Rational design of modular circuits for gene transcription: A test of the bottom-up approach

Abstract

Background: Most of synthetic circuits developed so far have been designed by an ad hoc approach, using a small number of components (i.e. LacI, TetR) and a trial and error strategy. We are at the point where an increasing number of modular, inter-changeable and well-characterized components is needed to expand the construction of synthetic devices and to allow a rational approach to the design.

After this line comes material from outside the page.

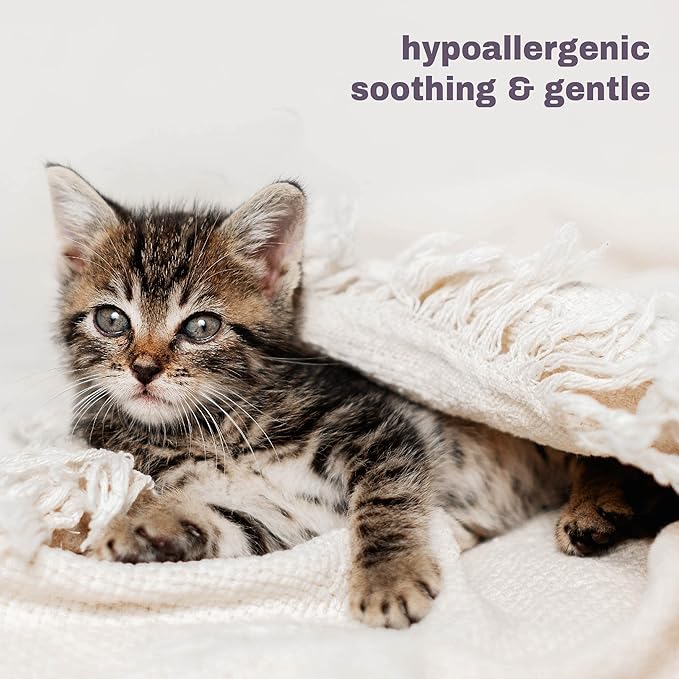 - Product Benefits : Provides a quick, easy, and waterless clean while soothing itchy skin and ensuring a safe, natural, and hypoallergenic grooming experience for cats. Provides a quick, easy, and waterless clean while soothing itchy skin and ensuring a safe, natural, and hypoallergenic grooming experience for cats.

Results: We used interchangeable modular biological parts to create a set of novel synthetic devices for controlling gene transcription, and we developed a mathematical model of the modular circuits. Model parameters were identified by experimental measurements from a subset of modular combinations. The model revealed an unexpected feature of the lactose repressor system, i.e. a residual binding affinity for the operator site by induced lactose repressor molecules. Once this residual affinity was taken into account, the model properly reproduced the experimental data from the training set. The parameters identified in the training set allowed the prediction of the behavior of networks not included in the identification procedure.

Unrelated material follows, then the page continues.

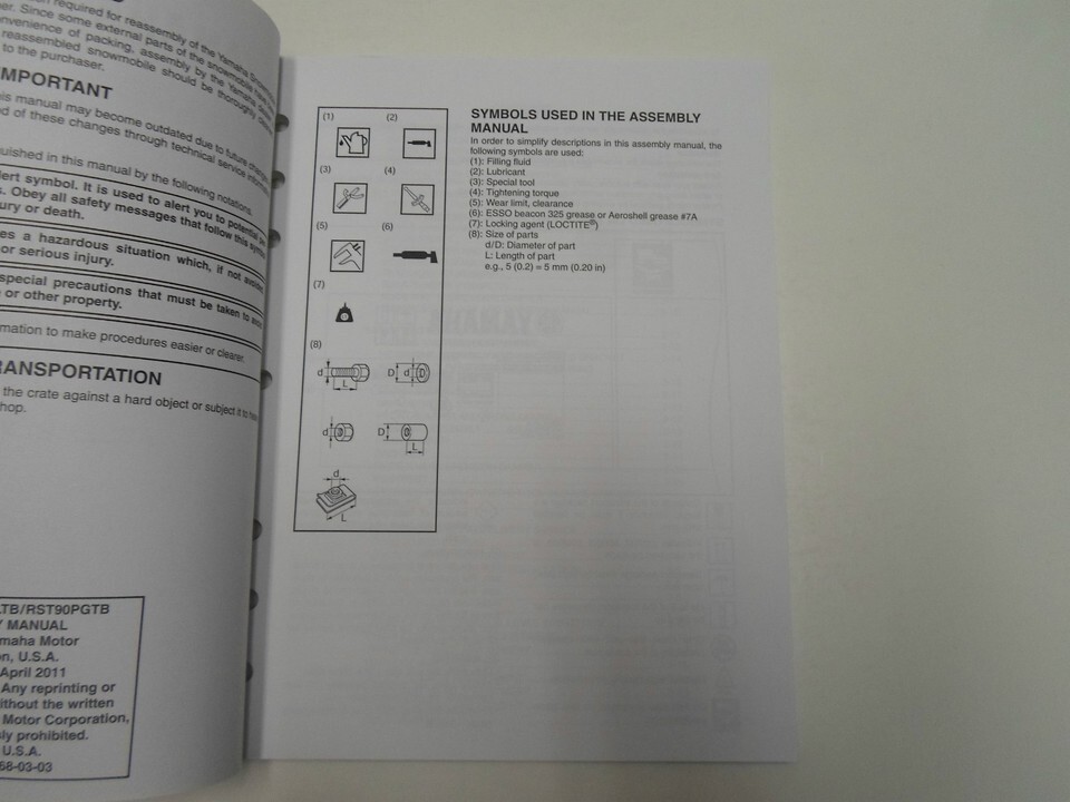2012 YAMAHA RS90PB RS90PLTB RST90PGTB MANUEL D'ENTRETIEN SUPPLEMENTAIRE ENSEMBLE DE 2 VOLUMES

Conclusions: This study provides new quantitative evidences that the use of independent and well-characterized biological parts and mathematical modeling, what is called a bottom-up approach to the construction of gene networks, can allow the design of new and different devices re-using the same modular parts.

Figure 1

Gene circuits. Repressor (A) and Reporter (B) plasmids. Boxes highlight the parts that could be used as independent elements to tune the circuit outcome in a modular framework. As a proof of principle of the modular architecture, we created nine different gene circuits, combining three different operator sequences, O₁, O₂ and O_s, in two plasmids. (C) Gene circuit in cells transformed with both the plasmids. (D) Sequences of the three operator sites. Bold characters are used for the central G-C base pair in the naturally occurring operator sites O₁ and O₂. The left and right half operator sites in O₁ and O₂ are pseudo-symmetric, lower-case characters highlight the deviations from perfect symmetry. The base pairs that are different between the operators O₁ and O₂ are underlined in the O₂ sequence. The artificial operator site O_s was defined removing the central base pair G-C and creating a perfectly symmetric sequence based on the left half of the operator O₁. The affinity to lactose repressor of the three operator sites O₁, O₂ and O_s spans a range of over two orders of magnitude [27,28], which allows the analysis of the system behavior under wide changes of the parameters values.

Figure 2

Fluorescence levels. The normalized fluorescence, equation 2, in arbitrary units, is shown for cells transformed with: Reporter plasmid without the operator sequence (n = 6); Reporter plasmids with the O₁ (n = 5), O₂ (n = 8), and O_s (n = 10) operator sequence; Repressor plasmids with any of the three operator sequences and Reporter plasmid lacking the lactose operator sequence (n = 10); O₂O₂ induced with 1 mM IPTG (n = 13); O₁O₁ induced with 1 mM (n = 9) and 2 mM (n = 5) IPTG; O_sO_s induced with 1 mM (n = 4) and 8 mM (n = 3) IPTG. In absence of Repressor plasmids, the normalized fluorescence is the same if the Reporter plasmid does not include the operator sequence, or if it includes any of the three operator sequences tested. Co-transformation with a Repressor plasmid and a Reporter plasmid without the operator site causes a decrease in the maximum fluorescence, even if no LacI activity is exerted. The same fluorescence was observed in the O₂O₂ gene circuit at saturating concentrations of IPTG. On the other hand, the maximum fluorescence in the O₁O₁ and O_sO_s gene circuits is statistically different from the maximum value.

Figure 3

Percentage fluorescence in absence of IPTG (A), and dose-response curves for the gene-circuits O₂O₂ (B), O₁O₁ (C), and O_sO_s (D). In panel (A) grey bars with standard deviations are used for the experimental data while black squares are used for the simulated responses. In panels (C) and (D), a continuous line is used for the simulated dose-response curves in presence of a residual affinity for the operator sites by induced LacI molecules, while a dotted line is used for the simulated dose-response curves when this residual affinity is turned off. The y-axis is in logarithmic scale in panel (A). The x-axis is in logarithmic scale in panels (B) to (D). All the measurements were repeated at least five times.

Figure 4

Dose-response curves for gene circuits with different operator sequences on the Reporter and the Repressor plasmids. A continuous line is used for the simulated dose-response curves in presence of a residual affinity for the operator sites by induced LacI molecules, while a dotted line is used for the simulated dose-response curves when this residual affinity is turned off. All the measurements were repeated at least five times.